I’m back in something approaching a ‘normal’ groove, happily reconnected to lover, friends, and family. The expensive housing prices here cover the cost of this amazing free air conditioning in San Francisco, which runs all summer long. Here’s the daily flow of cooling pouring over Twin Peaks a week ago (it’s been with us every day lately):

All you folks sweltering in some true summerish hell with temperatures and humidity over 90, eat your hearts out!

Most of us locals get pretty sick of being chilled all summer and have to go somewhere for real summer heat at least for a few days or weeks, but since I had a good dose in Turkey, Hungary and Germany already, I’m very happy to be back in the perfect temperatures of San Francisco!

Summer brings a weird combination of too much to do and some version of entertainment doldrums too. At CounterPULSE we’re having trouble booking our theater this summer, which is also true of many other small-ish venues in town. This weekend we showed Peter Watkins’ remarkable 6-hour film “La Commune/Paris 1871” over two nights to celebrate Bastille Day (We also served about 50 fresh crêpes and several folks brought good French champagne, so it was a fun party).

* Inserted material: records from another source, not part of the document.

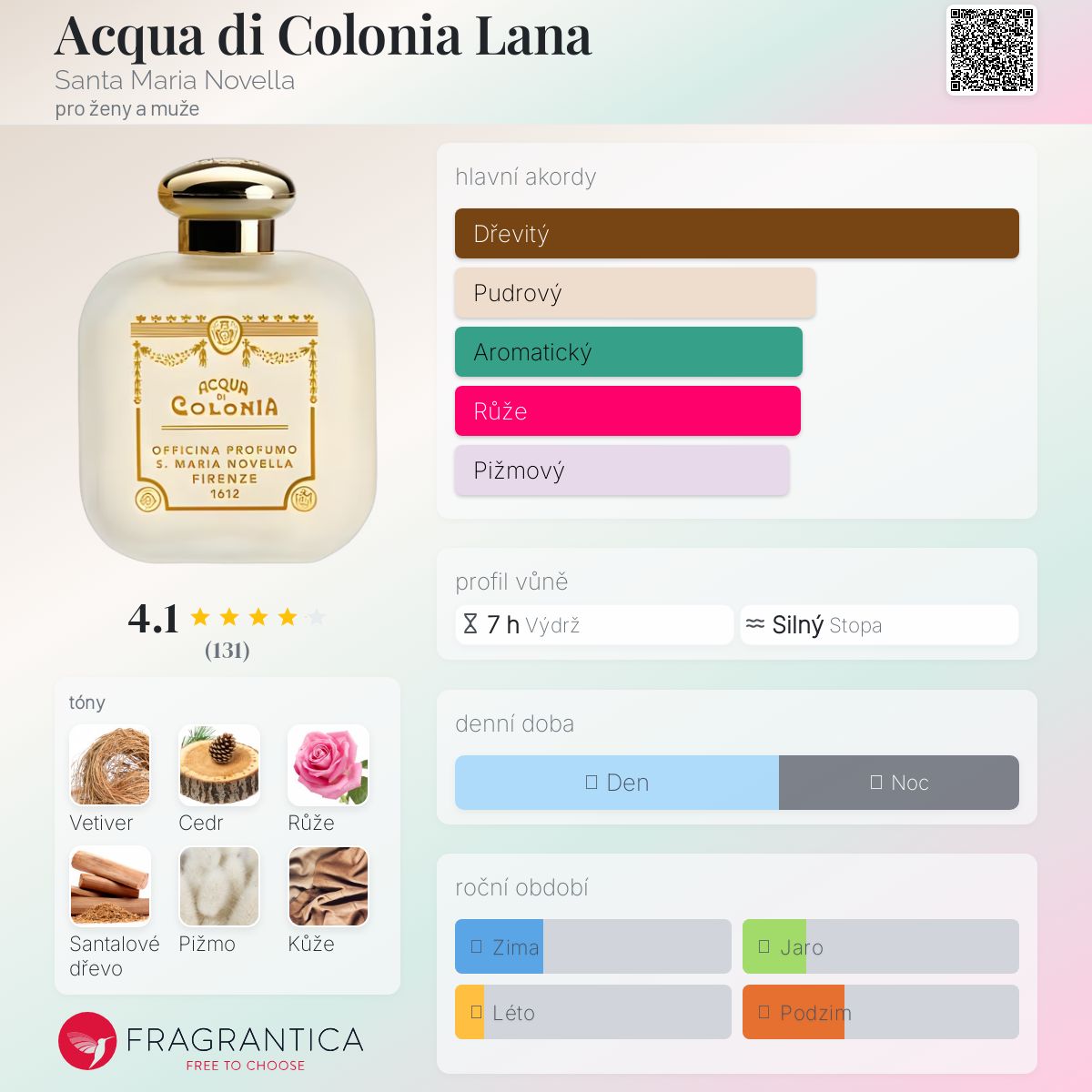 Acqua di Colonia Lana podle Santa Maria Novella je Woody vůně pro ženy a muže. Acqua di Colonia Lana byl/a uveden/a v roce 2017.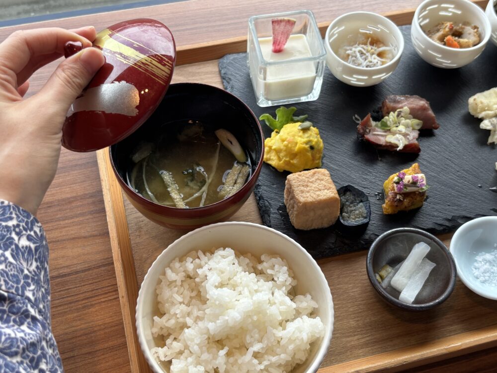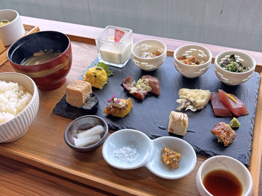 今回は、「一汁十二菜ランチ(税込2,000円)」をチョイス。「すずきのお造り」「生とうふ」「しらすおろし」「真鯛の天ぷら」「湯葉の含め煮」「生麩とクリームチーズの炙り焼き」「秋刀魚の蒲焼」「山形豚の西京焼」など、12種類の小鉢メニューがワンプレートに盛り付けられています。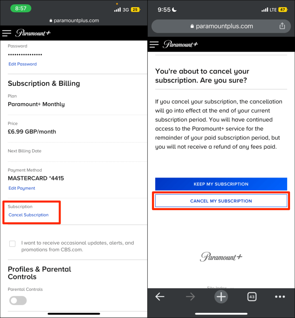 Cancel Paramount+ on Mobile Web Browsers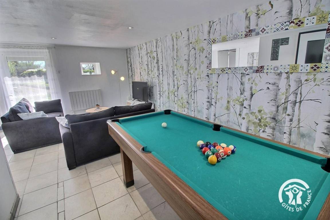• Ein Wohnbereich mit Smart-TV und Billardtisch

Our pals at AK Press have this amazing DVD box set, which includes also a great documentary on the making of the film, at a reasonable price.

The always bombastic and worth-avoiding July 4 in San Francisco also features the opening day of the annual SF Mime Troupe show, called “Making A Killing.” I’m going to stick to the old adage, if you can’t say something nice, don’t say anything. (I hated it!)… but I think it’s a telling contrast to compare this show, which is basically a predictable and cliché-ridden musical that replays the characters, jokes, and sensibilities that the Mime Troupe has staged for 5 or 6 straight years now, to a weirdly whimsical and surprising new movie, also a musical, called “Colma: The Musical.” I heard a lot of people buzzing about this movie and some good friends really raved about it so I went to see it, not knowing what I was in for… It’s a story of three 18-year-olds just out of high school in Colma, which is the cemetery-filled suburb near San Francisco where all the dead bodies are buried, literally (1.5 million dead, about 1,200 actual residents). The funny take on life, the hilarious send-up of getting a job at the nearby Target, the interaction between the gay Filipino, the fag-hag(ish) gal, and the stiff and straight-ish assimilating “latino” guy are spot-on. The songs are hilarious, occasionally poignant, but the real success of this film is its ability to capture the feeling of life right now in 2007, something very real about what it’s like to come of age in this political and social void… in a way it’s far more politically on the mark than the vapid leftism of the Mime Troupe…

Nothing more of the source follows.